● THE TASK
Output, word for word and without pictures, the lines from the one containing "В прокуратуре Киевской" through the final line of the listing below.

● PROVIDED MATERIAL

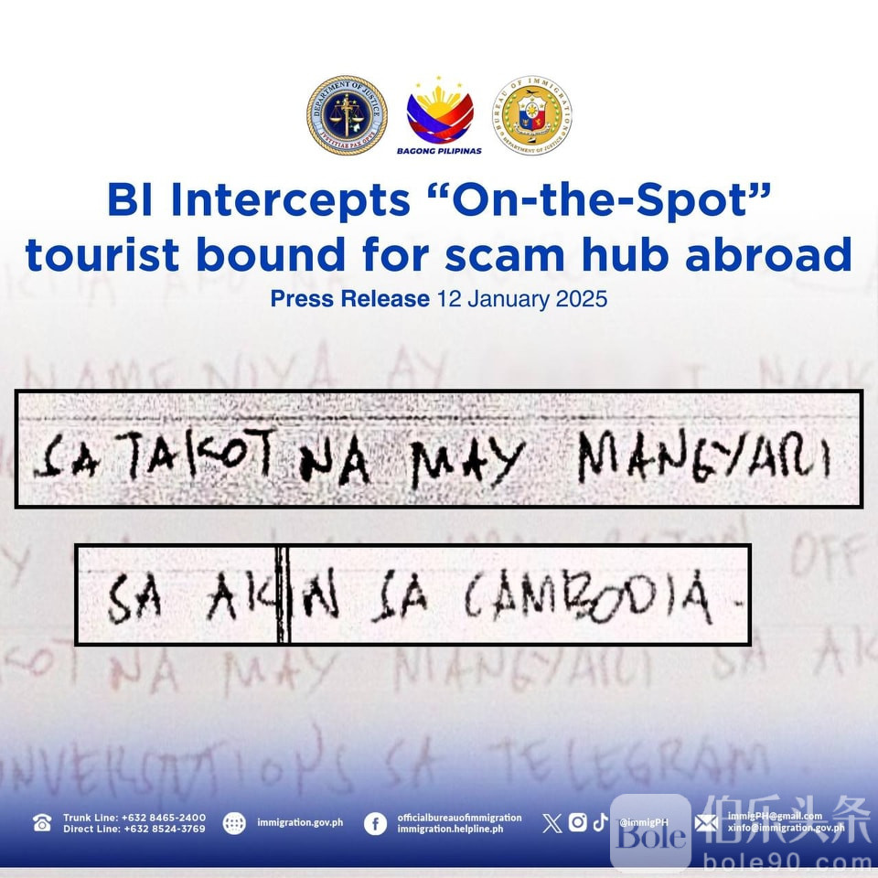 伯乐头条专讯:移民局 (BI) 在尼诺·阿基诺国际机场 (NAIA) 拦截了一名 35 岁的菲律宾男子,据称他被骗到柬埔寨的一个诈骗中心工作。
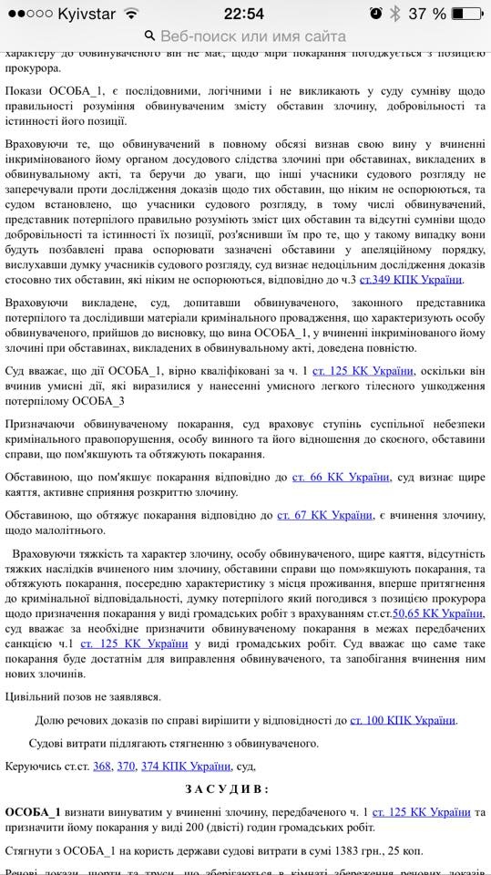 В прокуратуре Киевской области объясняют: тогда уголовное производство было открыто по ч. 1 ст. 125 (умышленное легкое телесное повреждение) УК Украины. По ней злоумышленник мог отделаться и штрафом в 850 грн (это минимальное наказание, предусмотренное статьей). "Но суд вынес более строгое решение. 200 часов общественных работ. Кроме того, отец пострадавшего мальчика, который представлял в суде его интересы, сказал, что он удовлетворен приговором. Ведь так злоумышленник не просто заплатит деньги за свое правонарушение, а понесет хотя бы такое наказание", – говорят в прокуратуре.
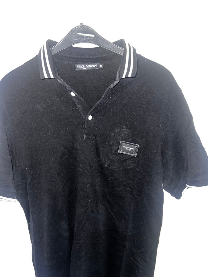 Siyah keten kumaştan, düğmeli ve yakalı erkek polo tişört. Kısa kollu ve bol kesim, gündelik sokak stili için uygundur.

● ANSWER TO THE PROBLEM
 В прокуратуре Киевской области объясняют: тогда уголовное производство было открыто по ч. 1 ст. 125 (умышленное легкое телесное повреждение) УК Украины. По ней злоумышленник мог отделаться и штрафом в 850 грн (это минимальное наказание, предусмотренное статьей). "Но суд вынес более строгое решение. 200 часов общественных работ. Кроме того, отец пострадавшего мальчика, который представлял в суде его интересы, сказал, что он удовлетворен приговором. Ведь так злоумышленник не просто заплатит деньги за свое правонарушение, а понесет хотя бы такое наказание", – говорят в прокуратуре.
 Siyah keten kumaştan, düğmeli ve yakalı erkek polo tişört. Kısa kollu ve bol kesim, gündelik sokak stili için uygundur.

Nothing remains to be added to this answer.